I originally had a bermuda lawn, but the growth of trees caused it to thin. I plugged the shaded areas with Zeon and it is doing well. It is spreading to the sunny areas as well. 
I would like it to overtake the bermuda eventually. Does anyone know how I could encourage the spread of Zeon to dominate the bermuda?

Thanks!


----------



## raymond (May 4, 2018)

I have Zeon in my front yard and burmuda in my back yard. Of course the Zeon will spread like any grass with time, sun, water, fertilizer, etc.

I don't think Zeon would ever fully overtake the Bermuda but rather you'll be left with a weird hybrid. I also don't think there is a chemical to kill the Bermuda but keep the Zoysia. Depending how committed you are I would consider scorching the Bermuda (I.e. roundup) and plugging Zoysia alone... I hope this helps.


----------



## Spammage (Apr 30, 2017)

@jman1120 @raymond there is a combination to control bermuda in tall fescue and zoysia. You will combine fusilade II and turflon ester. If you search Google, there is a PDF by the U of Tennessee that explains this.


----------



## jman1120 (Jun 29, 2018)

Thank you for the replies. I will check it out.


----------



## jayhawk (Apr 18, 2017)

Also, there is a recent thread on this ...search here on " fusilade"


----------



## SCGrassMan (Dec 17, 2017)

My neighbor has Bermuda and I have Zeon. His is creeping into the areas where mine isn't doing fantastic.


----------



## Gregau33 (Apr 15, 2018)

Unless you have a very precise spray setup, I wouldn't risk using Fusilade in turf. You have to have your setup right on point. I would really stick with a professional to apply it. It doesn't take much to really screw up your desired turf.

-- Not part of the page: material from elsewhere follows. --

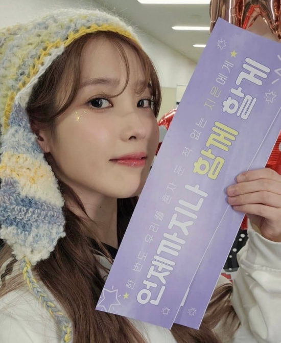 Singer IU showed off a warm friendship by certifying a hat she received as a gift from LE SSERAFIM's member Sakura.

This is coming from someone who has first hand experience in screwing up with Fusilade  :?


----------



## raymond (May 4, 2018)

SCGrassMan said:


> My neighbor has Bermuda and I have Zeon. His is creeping into the areas where mine isn't doing fantastic.


That's a pisser offer.

Especially given how much faster the Bermuda growth rate is compared to Zeon..!!!


----------



## Spammage (Apr 30, 2017)

Gregau33 said:


> Unless you have a very precise spray setup, I wouldn't risk using Fusilade in turf. You have to have your setup right on point. I would really stick with a professional to apply it. It doesn't take much to really screw up your desired turf.
> 
> This is coming from someone who has first hand experience in screwing up with Fusilade  :?

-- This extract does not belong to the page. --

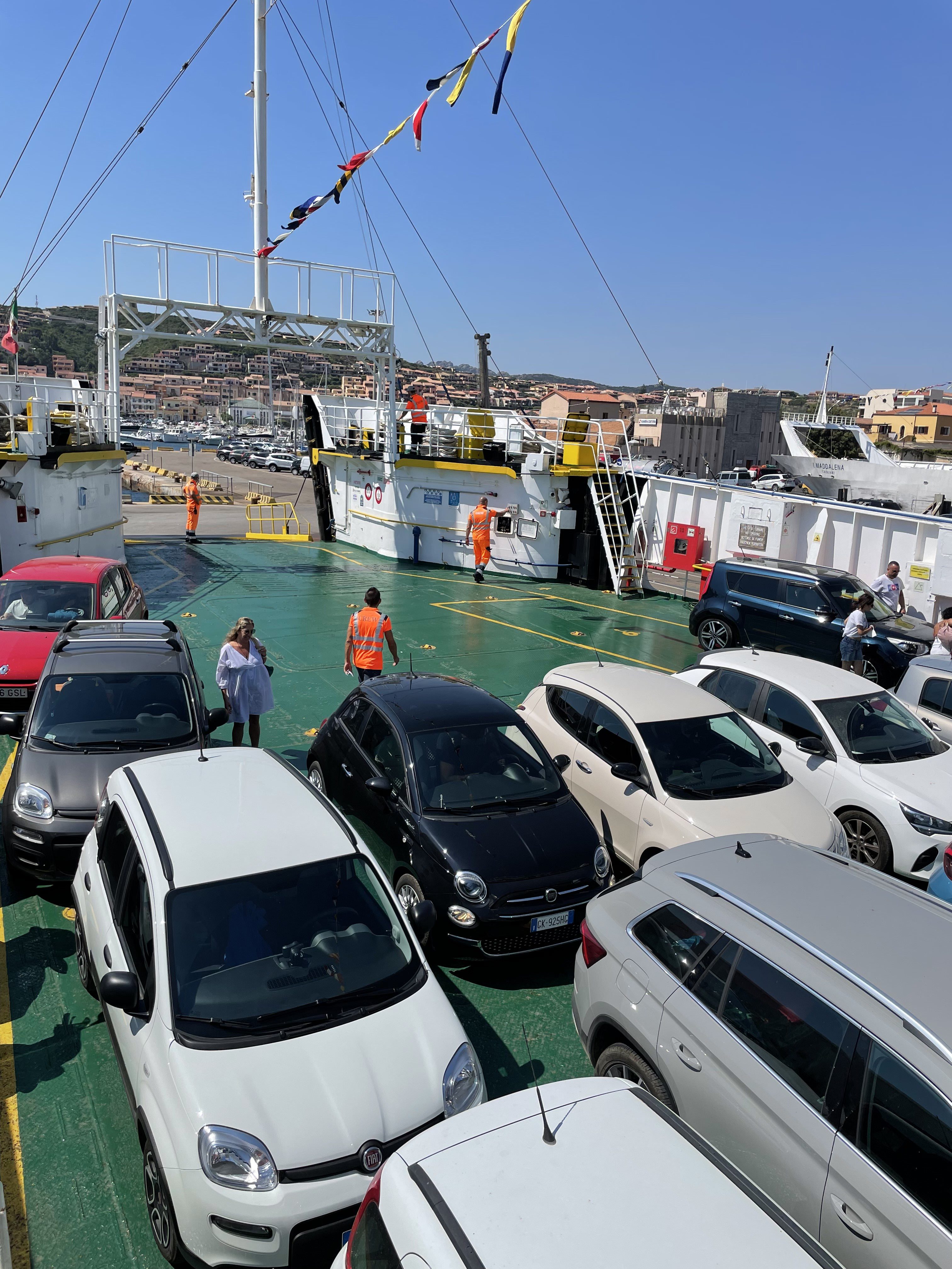 Los ferrys de “Maddalena Lines” salen desde el Puerto de Palau, una ciudad frente a la Isla, cada media hora. El trayecto es corto de unos 20 min. Se puede cruzar con el auto/coche. Una vez que cruzamos la recorrimos durante todo el día.

I know what you are dealing with, but if you haven't checked the PDF out that I referenced, then you should. The writer notes that adding turflon ester to the fusilade lessens the injury to the zoysia or fescue.


----------



## SCGrassMan (Dec 17, 2017)

raymond said:


> SCGrassMan said:
> 
> 
> > My neighbor has Bermuda and I have Zeon. His is creeping into the areas where mine isn't doing fantastic.
> ...


Honestly, its on what I call my hell strip, so I don't mind. I have about a 3-6' strip on that side of my driveway that I am contemplating changing to TifTuf Bermuda.


----------



## lucas287 (Jun 3, 2018)

Old thread - i know. But, @jman1120 i'm curious how your bermuda/zeon mix looks. Do you mind posting a pic or two?

I'm contemplating the same!


----------



## raymond (May 4, 2018)

lucas287 said:


> Old thread - i know. But, @jman1120 i'm curious how your bermuda/zeon mix looks. Do you mind posting a pic or two?
> 
> I'm contemplating the same!


Also following!!


----------



## SCGrassMan (Dec 17, 2017)

It's weird seeing this zombie thread because now I'm on the opposite site of this. I'm considering plugging in some Bermuda in dead areas with the hope it will take over the Zeon.


----------



## gkaneko (Dec 11, 2018)

I used fusilade for bermuda in my zoysia. I mixed it weaker than label instructs and it worked well. I spot treated, it's strong stuff so I did get a little damage to zoysia but it did curtail the bermuda.


----------